> **EXERCISE REQUIREMENTS**
Write out the entire listing below exactly, with the pictures left out.

> **PROVIDED DATA**
╭──
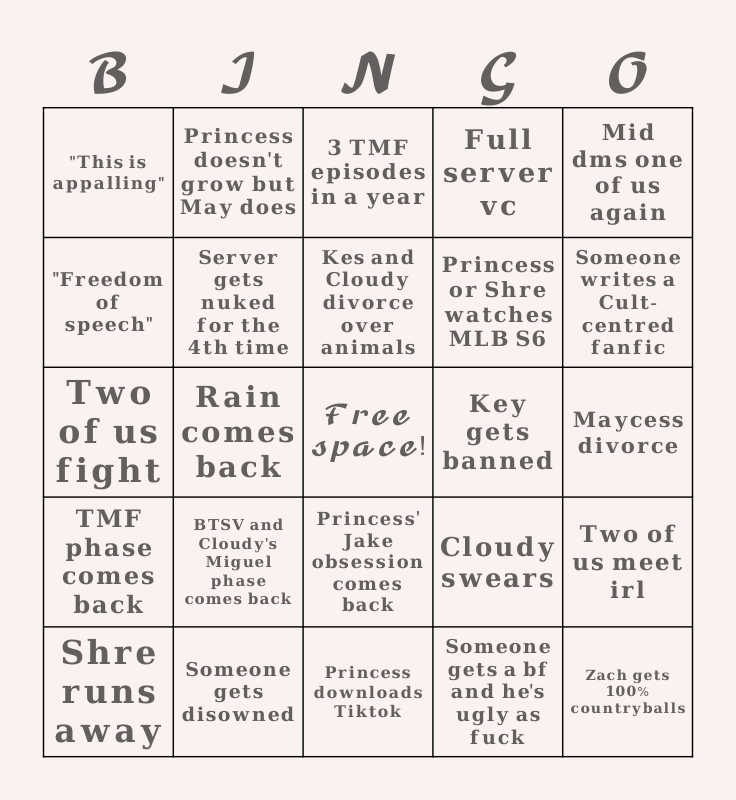 This bingo card has a free space and 32 words: 𝐒𝐨𝐦𝐞𝐨𝐧𝐞 𝐠𝐞𝐭𝐬 𝐚 𝐛𝐟 𝐚𝐧𝐝 𝐡𝐞'𝐬 𝐮𝐠𝐥𝐲 𝐚𝐬 𝐟𝐮𝐜𝐤, 𝐒𝐨𝐦𝐞𝐨𝐧𝐞 𝐥𝐞𝐚𝐯𝐞𝐬 (𝐭𝐞𝐦𝐩) 𝐛𝐞𝐜𝐚𝐮𝐬𝐞 𝐨𝐟 𝐬𝐜𝐡𝐨𝐨𝐥, 𝐑𝐚𝐢𝐧 𝐜𝐨𝐦𝐞𝐬 𝐛𝐚𝐜𝐤, 𝐀𝐛𝐛𝐲 𝐛𝐞𝐜𝐨𝐦𝐞𝐬 𝐟𝐫𝐞𝐚𝐤𝐢𝐞𝐫, 𝐓𝐌𝐅 𝐩𝐡𝐚𝐬𝐞 𝐜𝐨𝐦𝐞𝐬 𝐛𝐚𝐜𝐤, 𝐒𝐞𝐫𝐯𝐞𝐫 𝐠𝐞𝐭𝐬 𝐧𝐮𝐤𝐞𝐝 𝐟𝐨𝐫 𝐭𝐡𝐞 𝟒𝐭𝐡 𝐭𝐢𝐦𝐞, 𝐌𝐢𝐝 𝐝𝐦𝐬 𝐨𝐧𝐞 𝐨𝐟 𝐮𝐬 𝐚𝐠𝐚𝐢𝐧, 𝐓𝐰𝐨 𝐨𝐟 𝐮𝐬 𝐦𝐞𝐞𝐭 𝐢𝐫𝐥, 𝐏𝐫𝐢𝐧𝐜𝐞𝐬𝐬 𝐝𝐨𝐞𝐬𝐧'𝐭 𝐠𝐫𝐨𝐰 𝐛𝐮𝐭 𝐌𝐚𝐲 𝐝𝐨𝐞𝐬, 𝐂𝐥𝐨𝐮𝐝𝐲 𝐭𝐚𝐥𝐤𝐬 𝐭𝐨 𝐚 𝐫𝐞𝐚𝐥 𝐠𝐮𝐲, 𝐊𝐞𝐬 𝐚𝐧𝐝 𝐂𝐥𝐨𝐮𝐝𝐲 𝐝𝐢𝐯𝐨𝐫𝐜𝐞 𝐨𝐯𝐞𝐫 𝐚𝐧𝐢𝐦𝐚𝐥𝐬, 𝟑 𝐓𝐌𝐅 𝐞𝐩𝐢𝐬𝐨𝐝𝐞𝐬 𝐢𝐧 𝐚 𝐲𝐞𝐚𝐫, 𝐑𝐚𝐢𝐧 𝐚𝐬𝐤𝐬 𝐭𝐨 𝐜𝐨𝐦𝐞 𝐛𝐚𝐜𝐤 𝐝𝐮𝐫𝐢𝐧𝐠 𝐅𝐞𝐛/𝐌𝐚𝐫𝐜𝐡, 𝐏𝐫𝐢𝐧𝐜𝐞𝐬𝐬 𝐥𝐞𝐚𝐯𝐞𝐬 𝐚𝐠𝐚𝐢𝐧, 𝐊𝐞𝐲 𝐠𝐞𝐭𝐬 𝐛𝐚𝐧𝐧𝐞𝐝, 𝟐𝟎𝟐𝟓 𝐰𝐫𝐚𝐩𝐩𝐞𝐝 𝐢𝐬 𝐰𝐞𝐢𝐫𝐝 𝐚𝐬 𝐟𝐮𝐜𝐤, 𝐒𝐡𝐫𝐞 𝐫𝐮𝐧𝐬 𝐚𝐰𝐚𝐲, 𝐓𝐰𝐨 𝐨𝐟 𝐮𝐬 𝐟𝐢𝐠𝐡𝐭, 𝐏𝐫𝐢𝐧𝐜𝐞𝐬𝐬' 𝐉𝐚𝐤𝐞 𝐨𝐛𝐬𝐞𝐬𝐬𝐢𝐨𝐧 𝐜𝐨𝐦𝐞𝐬 𝐛𝐚𝐜𝐤, 𝐁𝐓𝐒𝐕 𝐚𝐧𝐝 𝐂𝐥𝐨𝐮𝐝𝐲'𝐬 𝐌𝐢𝐠𝐮𝐞𝐥 𝐩𝐡𝐚𝐬𝐞 𝐜𝐨𝐦𝐞𝐬 𝐛𝐚𝐜𝐤, 𝐂𝐥𝐨𝐮𝐝𝐲 𝐬𝐰𝐞𝐚𝐫𝐬, 𝐁𝐥𝐨𝐜𝐤𝐢𝐧𝐠 𝐫𝐚𝐢𝐝 𝐩𝐭𝟑, 𝐌𝐚𝐲𝐜𝐞𝐬𝐬 𝐝𝐢𝐯𝐨𝐫𝐜𝐞, 𝐒𝐨𝐦𝐞𝐨𝐧𝐞 𝐠𝐞𝐭𝐬 𝐝𝐢𝐬𝐨𝐰𝐧𝐞𝐝, 𝐙𝐚𝐜𝐡 𝐠𝐞𝐭𝐬 𝟏𝟎𝟎% 𝐜𝐨𝐮𝐧𝐭𝐫𝐲𝐛𝐚𝐥𝐥𝐬, 𝐅𝐮𝐥𝐥 𝐬𝐞𝐫𝐯𝐞𝐫 𝐯𝐜, 𝐏𝐫𝐢𝐧𝐜𝐞𝐬𝐬 𝐨𝐫 𝐒𝐡𝐫𝐞 𝐰𝐚𝐭𝐜𝐡𝐞𝐬 𝐌𝐋𝐁 𝐒𝟔, "𝐅𝐫𝐞𝐞𝐝𝐨𝐦 𝐨𝐟 𝐬𝐩𝐞𝐞𝐜𝐡", "𝐓𝐡𝐢𝐬 𝐢𝐬 𝐚𝐩𝐩𝐚𝐥𝐥𝐢𝐧𝐠", 𝐏𝐫𝐢𝐧𝐜𝐞𝐬𝐬 𝐝𝐨𝐰𝐧𝐥𝐨𝐚𝐝𝐬 𝐓𝐢𝐤𝐭𝐨𝐤, 𝐊𝐞𝐲 𝐠𝐢𝐯𝐞𝐬 𝐒𝐡𝐫𝐞 𝐒𝐚𝐮𝐝𝐢 and 𝐒𝐨𝐦𝐞𝐨𝐧𝐞 𝐰𝐫𝐢𝐭𝐞𝐬 𝐚 𝐂𝐮𝐥𝐭-𝐜𝐞𝐧𝐭𝐫𝐞𝐝 𝐟𝐚𝐧𝐟𝐢𝐜.
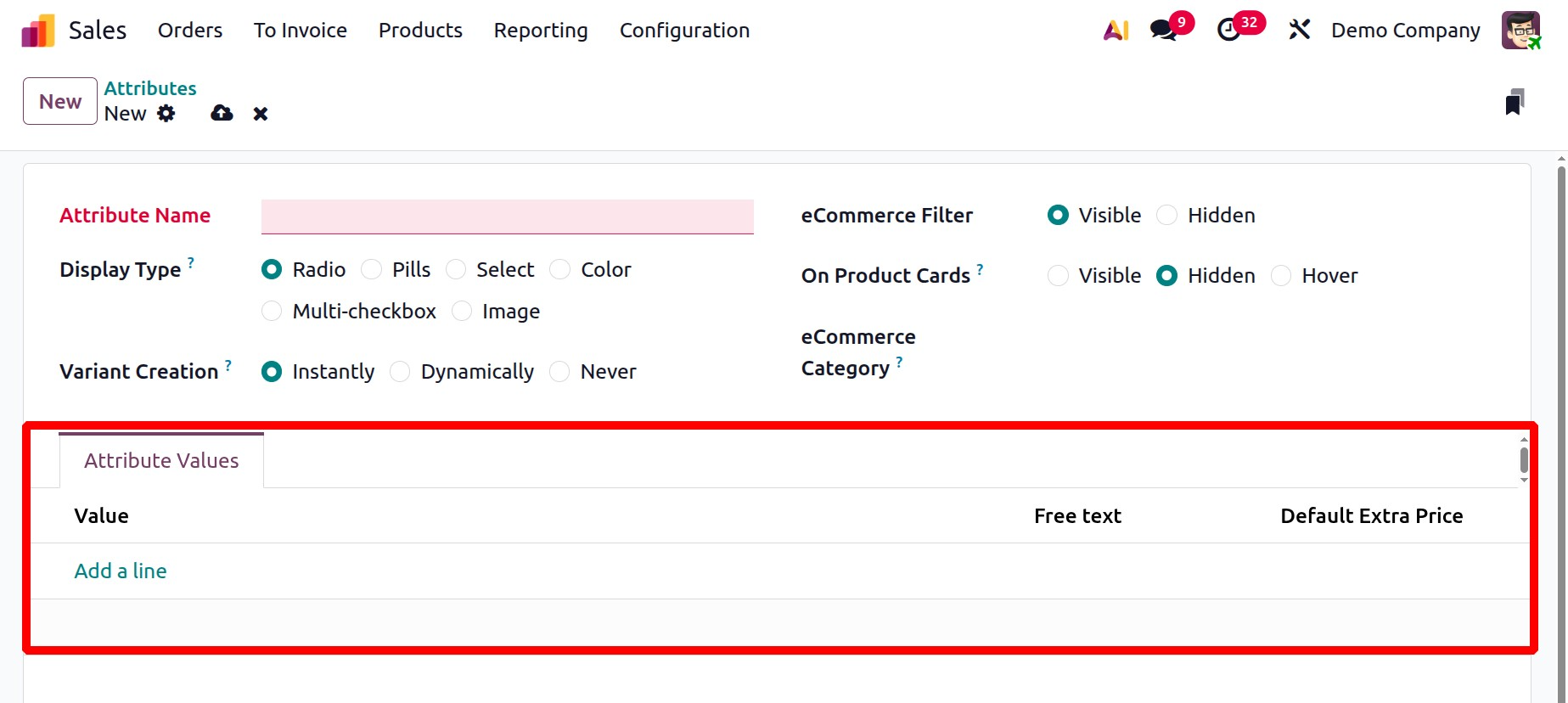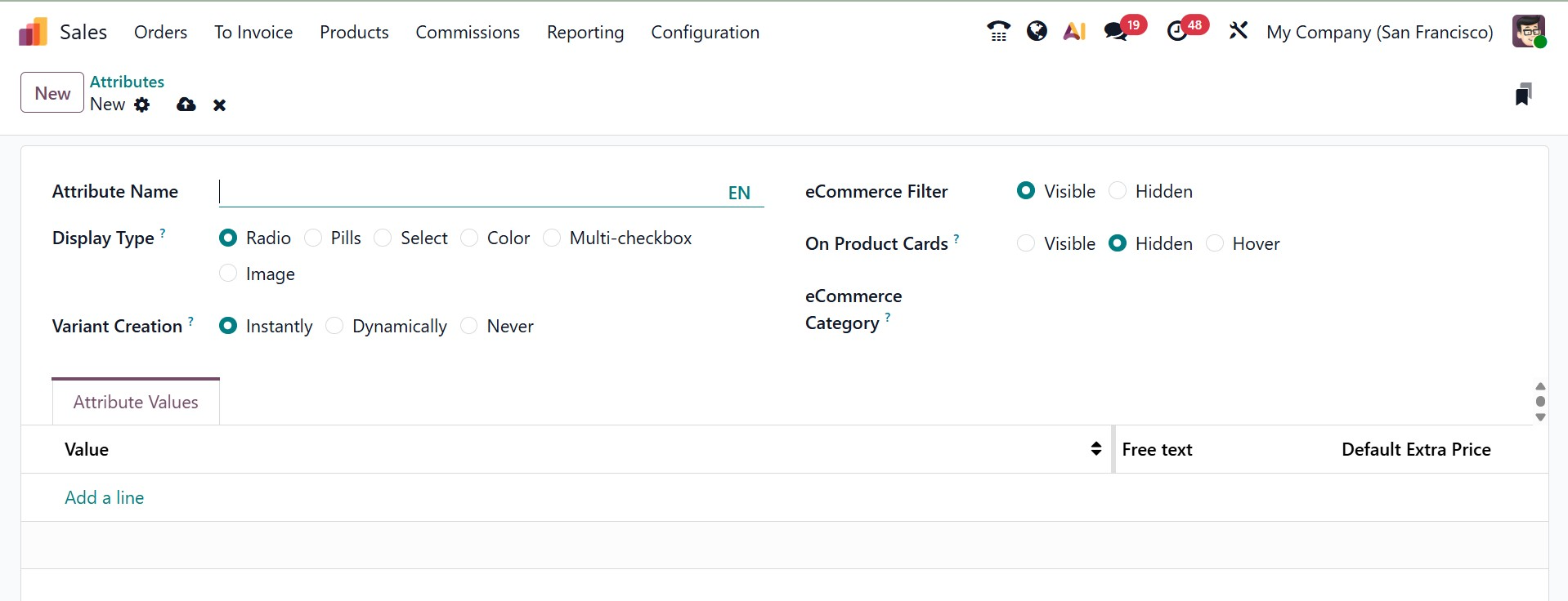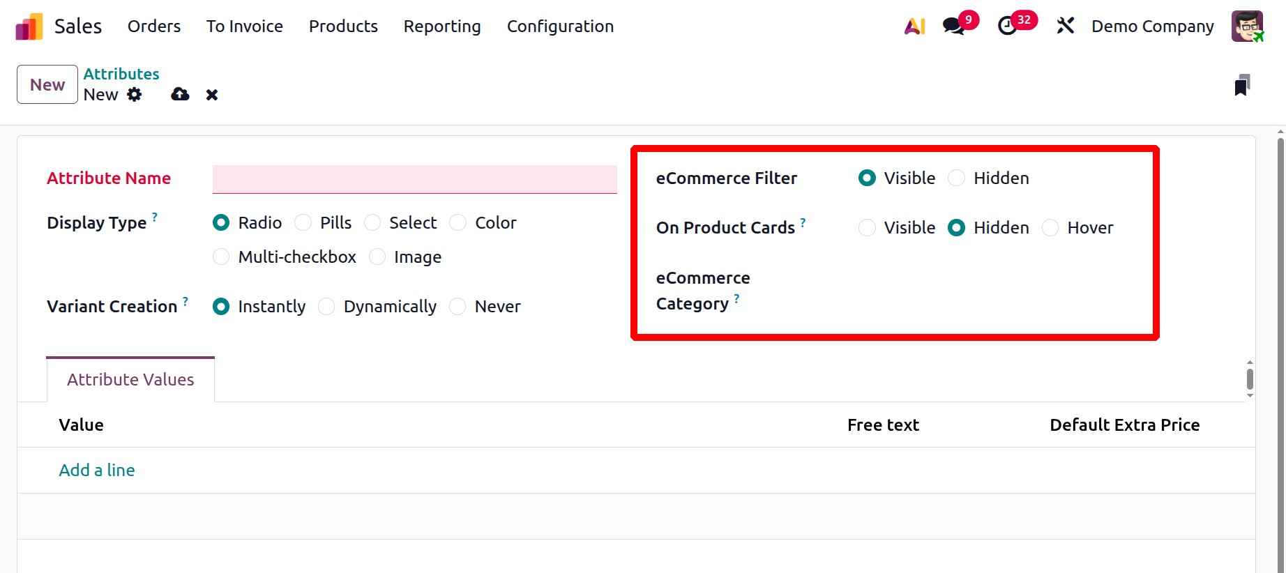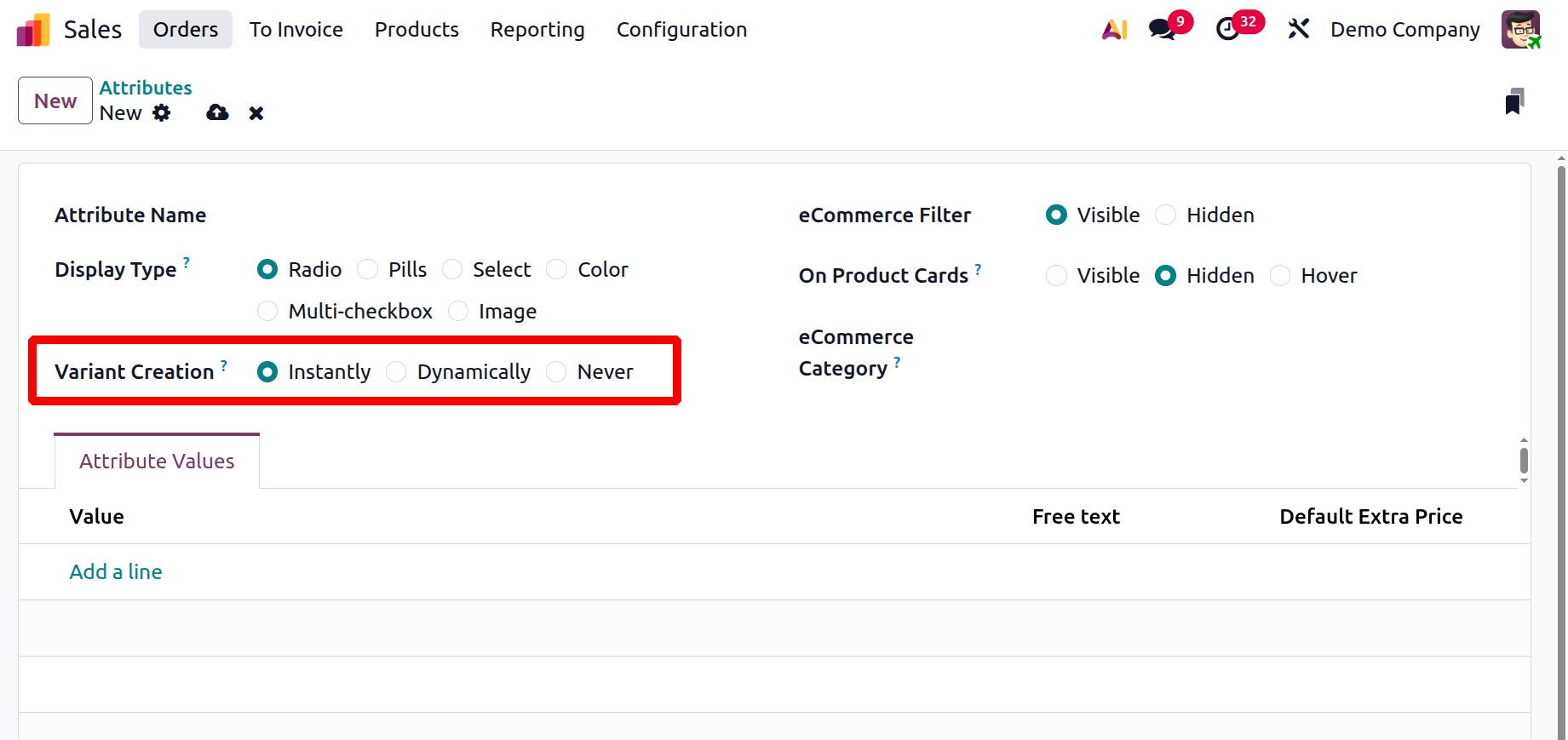 You can first enter the attribute name in the creation box, and then you can create a category to gather related attributes under the same section on the eCommerce comparison page. After that, you may select the Display Type from the list of possibilities, which includes Radio, Pills, Select, and Color. Additionally, there are three possibilities for the Variants Creation Mode: Instantly, Dynamically, and Never.
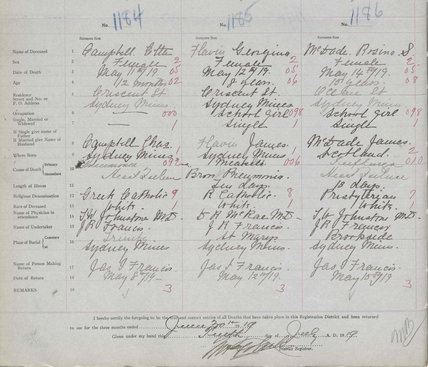 Death Registration: Year: 1919 book: 30 page: 270 number: 1186
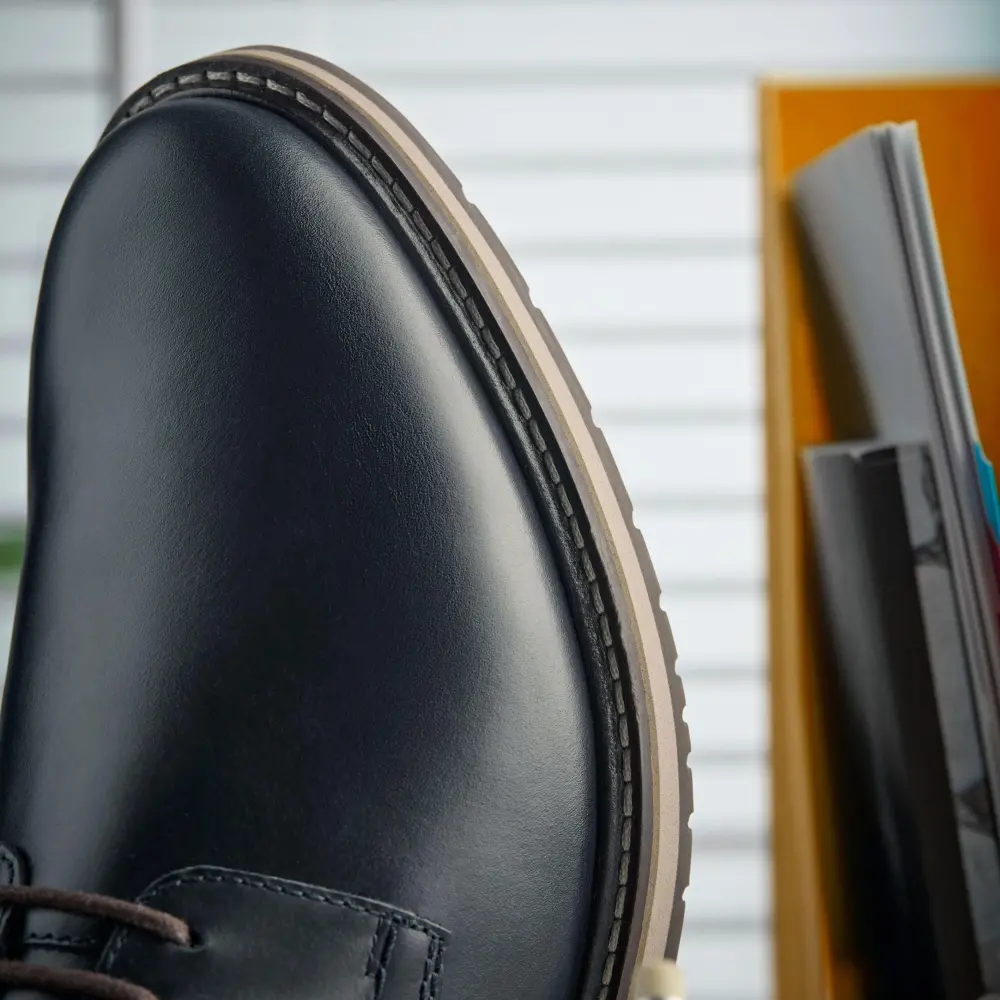 - Premium navy leather upper
╰──
> **FINISHED TASK**
 This bingo card has a free space and 32 words: 𝐒𝐨𝐦𝐞𝐨𝐧𝐞 𝐠𝐞𝐭𝐬 𝐚 𝐛𝐟 𝐚𝐧𝐝 𝐡𝐞'𝐬 𝐮𝐠𝐥𝐲 𝐚𝐬 𝐟𝐮𝐜𝐤, 𝐒𝐨𝐦𝐞𝐨𝐧𝐞 𝐥𝐞𝐚𝐯𝐞𝐬 (𝐭𝐞𝐦𝐩) 𝐛𝐞𝐜𝐚𝐮𝐬𝐞 𝐨𝐟 𝐬𝐜𝐡𝐨𝐨𝐥, 𝐑𝐚𝐢𝐧 𝐜𝐨𝐦𝐞𝐬 𝐛𝐚𝐜𝐤, 𝐀𝐛𝐛𝐲 𝐛𝐞𝐜𝐨𝐦𝐞𝐬 𝐟𝐫𝐞𝐚𝐤𝐢𝐞𝐫, 𝐓𝐌𝐅 𝐩𝐡𝐚𝐬𝐞 𝐜𝐨𝐦𝐞𝐬 𝐛𝐚𝐜𝐤, 𝐒𝐞𝐫𝐯𝐞𝐫 𝐠𝐞𝐭𝐬 𝐧𝐮𝐤𝐞𝐝 𝐟𝐨𝐫 𝐭𝐡𝐞 𝟒𝐭𝐡 𝐭𝐢𝐦𝐞, 𝐌𝐢𝐝 𝐝𝐦𝐬 𝐨𝐧𝐞 𝐨𝐟 𝐮𝐬 𝐚𝐠𝐚𝐢𝐧, 𝐓𝐰𝐨 𝐨𝐟 𝐮𝐬 𝐦𝐞𝐞𝐭 𝐢𝐫𝐥, 𝐏𝐫𝐢𝐧𝐜𝐞𝐬𝐬 𝐝𝐨𝐞𝐬𝐧'𝐭 𝐠𝐫𝐨𝐰 𝐛𝐮𝐭 𝐌𝐚𝐲 𝐝𝐨𝐞𝐬, 𝐂𝐥𝐨𝐮𝐝𝐲 𝐭𝐚𝐥𝐤𝐬 𝐭𝐨 𝐚 𝐫𝐞𝐚𝐥 𝐠𝐮𝐲, 𝐊𝐞𝐬 𝐚𝐧𝐝 𝐂𝐥𝐨𝐮𝐝𝐲 𝐝𝐢𝐯𝐨𝐫𝐜𝐞 𝐨𝐯𝐞𝐫 𝐚𝐧𝐢𝐦𝐚𝐥𝐬, 𝟑 𝐓𝐌𝐅 𝐞𝐩𝐢𝐬𝐨𝐝𝐞𝐬 𝐢𝐧 𝐚 𝐲𝐞𝐚𝐫, 𝐑𝐚𝐢𝐧 𝐚𝐬𝐤𝐬 𝐭𝐨 𝐜𝐨𝐦𝐞 𝐛𝐚𝐜𝐤 𝐝𝐮𝐫𝐢𝐧𝐠 𝐅𝐞𝐛/𝐌𝐚𝐫𝐜𝐡, 𝐏𝐫𝐢𝐧𝐜𝐞𝐬𝐬 𝐥𝐞𝐚𝐯𝐞𝐬 𝐚𝐠𝐚𝐢𝐧, 𝐊𝐞𝐲 𝐠𝐞𝐭𝐬 𝐛𝐚𝐧𝐧𝐞𝐝, 𝟐𝟎𝟐𝟓 𝐰𝐫𝐚𝐩𝐩𝐞𝐝 𝐢𝐬 𝐰𝐞𝐢𝐫𝐝 𝐚𝐬 𝐟𝐮𝐜𝐤, 𝐒𝐡𝐫𝐞 𝐫𝐮𝐧𝐬 𝐚𝐰𝐚𝐲, 𝐓𝐰𝐨 𝐨𝐟 𝐮𝐬 𝐟𝐢𝐠𝐡𝐭, 𝐏𝐫𝐢𝐧𝐜𝐞𝐬𝐬' 𝐉𝐚𝐤𝐞 𝐨𝐛𝐬𝐞𝐬𝐬𝐢𝐨𝐧 𝐜𝐨𝐦𝐞𝐬 𝐛𝐚𝐜𝐤, 𝐁𝐓𝐒𝐕 𝐚𝐧𝐝 𝐂𝐥𝐨𝐮𝐝𝐲'𝐬 𝐌𝐢𝐠𝐮𝐞𝐥 𝐩𝐡𝐚𝐬𝐞 𝐜𝐨𝐦𝐞𝐬 𝐛𝐚𝐜𝐤, 𝐂𝐥𝐨𝐮𝐝𝐲 𝐬𝐰𝐞𝐚𝐫𝐬, 𝐁𝐥𝐨𝐜𝐤𝐢𝐧𝐠 𝐫𝐚𝐢𝐝 𝐩𝐭𝟑, 𝐌𝐚𝐲𝐜𝐞𝐬𝐬 𝐝𝐢𝐯𝐨𝐫𝐜𝐞, 𝐒𝐨𝐦𝐞𝐨𝐧𝐞 𝐠𝐞𝐭𝐬 𝐝𝐢𝐬𝐨𝐰𝐧𝐞𝐝, 𝐙𝐚𝐜𝐡 𝐠𝐞𝐭𝐬 𝟏𝟎𝟎% 𝐜𝐨𝐮𝐧𝐭𝐫𝐲𝐛𝐚𝐥𝐥𝐬, 𝐅𝐮𝐥𝐥 𝐬𝐞𝐫𝐯𝐞𝐫 𝐯𝐜, 𝐏𝐫𝐢𝐧𝐜𝐞𝐬𝐬 𝐨𝐫 𝐒𝐡𝐫𝐞 𝐰𝐚𝐭𝐜𝐡𝐞𝐬 𝐌𝐋𝐁 𝐒𝟔, "𝐅𝐫𝐞𝐞𝐝𝐨𝐦 𝐨𝐟 𝐬𝐩𝐞𝐞𝐜𝐡", "𝐓𝐡𝐢𝐬 𝐢𝐬 𝐚𝐩𝐩𝐚𝐥𝐥𝐢𝐧𝐠", 𝐏𝐫𝐢𝐧𝐜𝐞𝐬𝐬 𝐝𝐨𝐰𝐧𝐥𝐨𝐚𝐝𝐬 𝐓𝐢𝐤𝐭𝐨𝐤, 𝐊𝐞𝐲 𝐠𝐢𝐯𝐞𝐬 𝐒𝐡𝐫𝐞 𝐒𝐚𝐮𝐝𝐢 and 𝐒𝐨𝐦𝐞𝐨𝐧𝐞 𝐰𝐫𝐢𝐭𝐞𝐬 𝐚 𝐂𝐮𝐥𝐭-𝐜𝐞𝐧𝐭𝐫𝐞𝐝 𝐟𝐚𝐧𝐟𝐢𝐜.
 You can first enter the attribute name in the creation box, and then you can create a category to gather related attributes under the same section on the eCommerce comparison page. After that, you may select the Display Type from the list of possibilities, which includes Radio, Pills, Select, and Color. Additionally, there are three possibilities for the Variants Creation Mode: Instantly, Dynamically, and Never.
 Death Registration: Year: 1919 book: 30 page: 270 number: 1186
 - Premium navy leather upper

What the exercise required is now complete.